**Task item:** Copy out only the lines running from the one that contains "Gold-Plated Green Oval" through the end of the listing. Pictures stay out.

**Dataset section:**
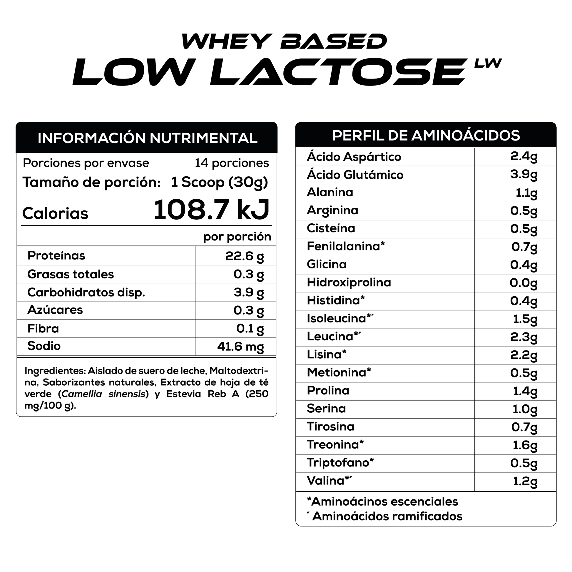 Ingredientes clave: Aislado de suero de leche, Maltodextrina, Extracto de Té Verde y Extracto natural de Vainilla.
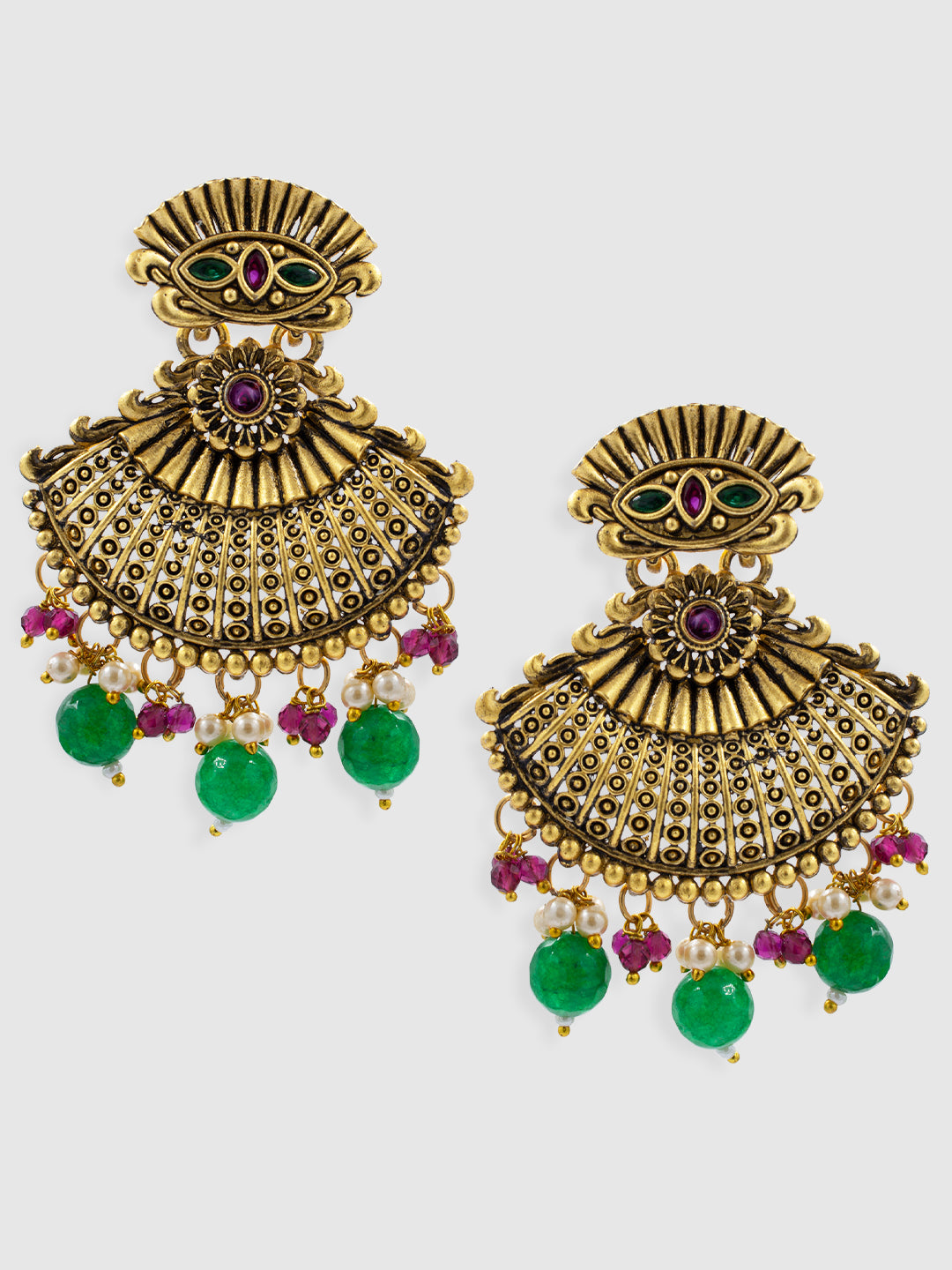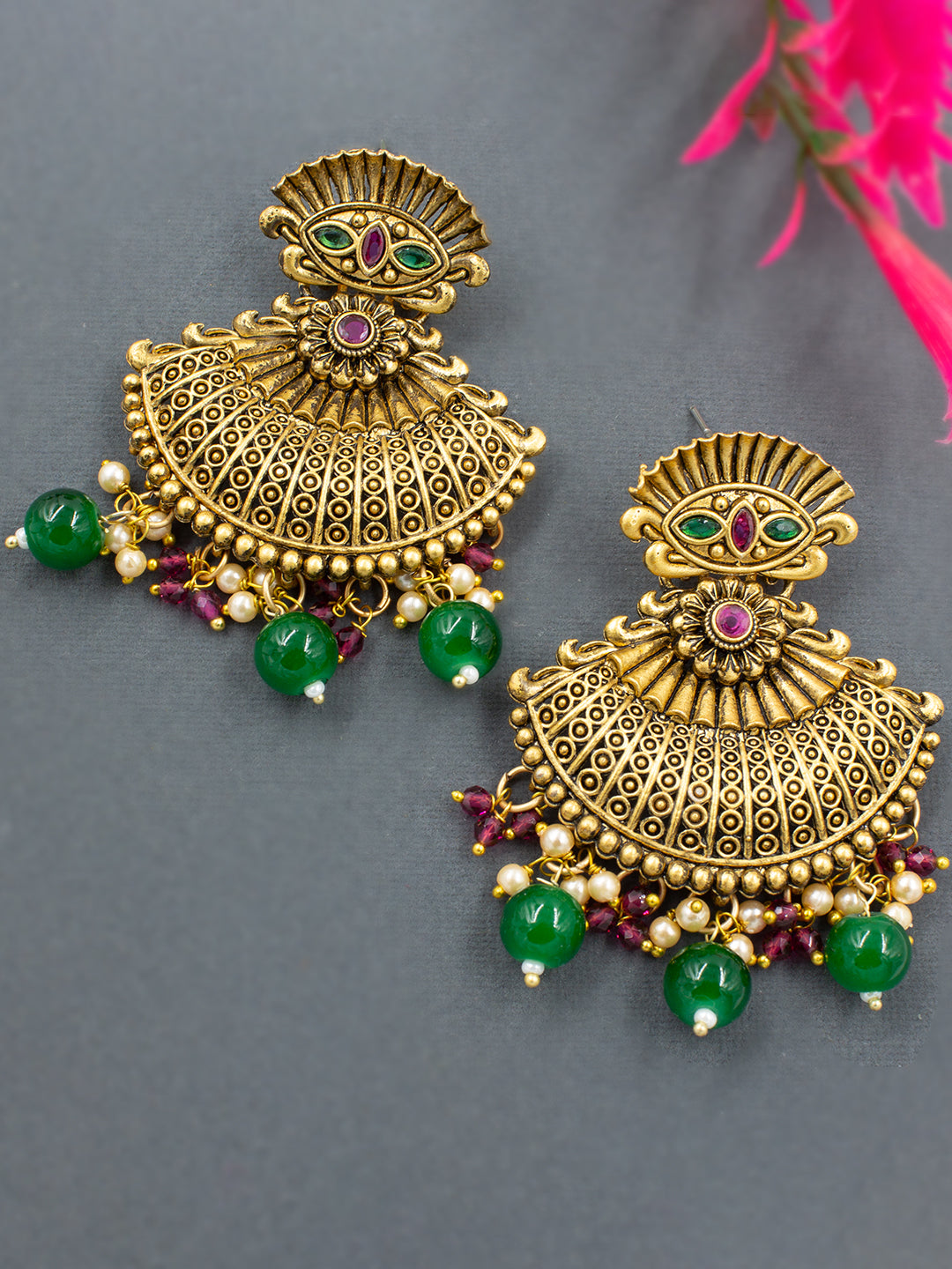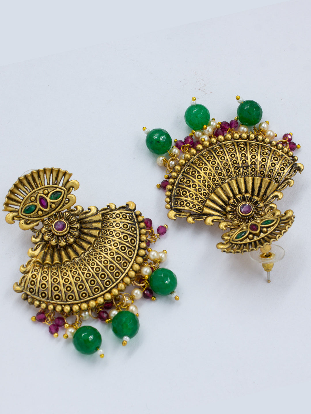 Gold-Plated Green Oval AD-Studded Pendant Set
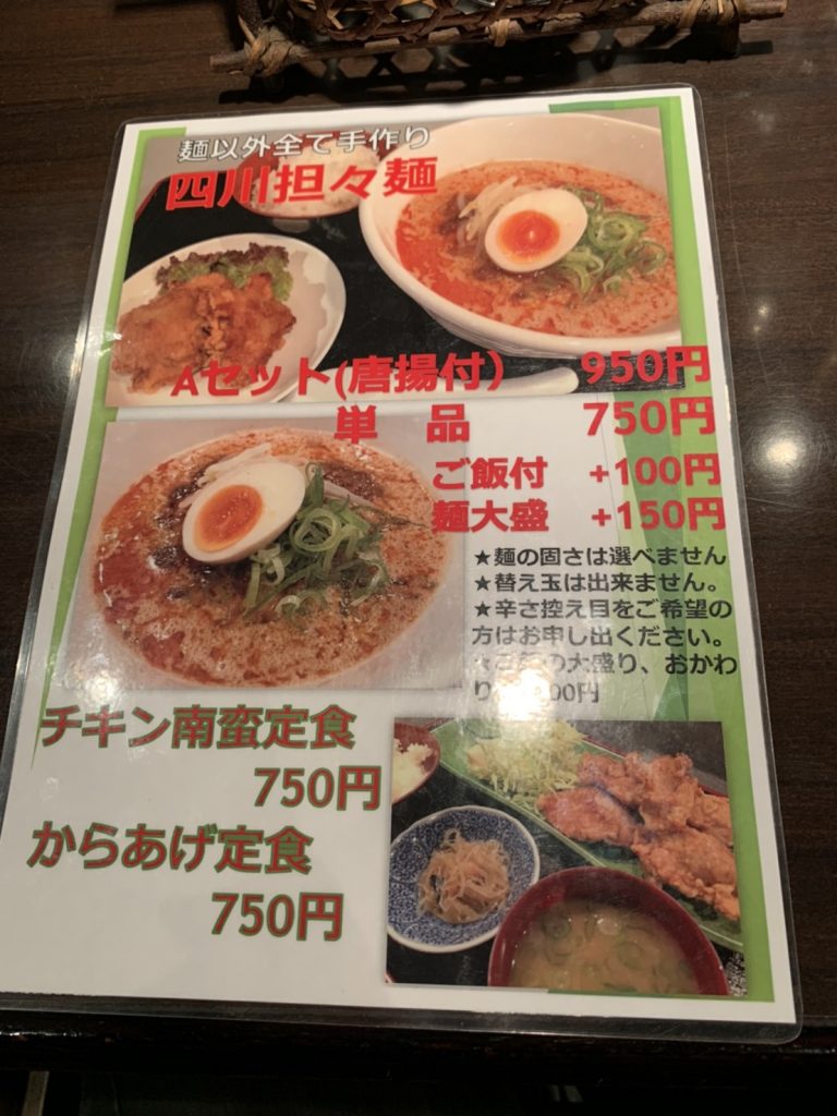 【四川坦々麺】は「単品」「ごはん付+100円」「めん大盛り+150円」などから選べる店主おススメメニュー✧*。(ˊᗜˋ*)✧*。♪
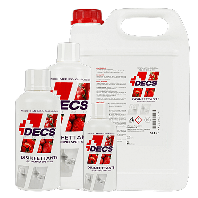 Decs Puro è una soluzione disinfettante a base di cloro attivo elettrolitico 1,1%. Indicato per la disinfezione di superfici dure; poppatoi, tettarelle, giochini, stoviglie ed oggetti impiegati in età neonatale; decontaminazione microbica di frutta e verdura.

**Reply:**
 Gold-Plated Green Oval AD-Studded Pendant Set
 【四川坦々麺】は「単品」「ごはん付+100円」「めん大盛り+150円」などから選べる店主おススメメニュー✧*。(ˊᗜˋ*)✧*。♪
 Decs Puro è una soluzione disinfettante a base di cloro attivo elettrolitico 1,1%. Indicato per la disinfezione di superfici dure; poppatoi, tettarelle, giochini, stoviglie ed oggetti impiegati in età neonatale; decontaminazione microbica di frutta e verdura.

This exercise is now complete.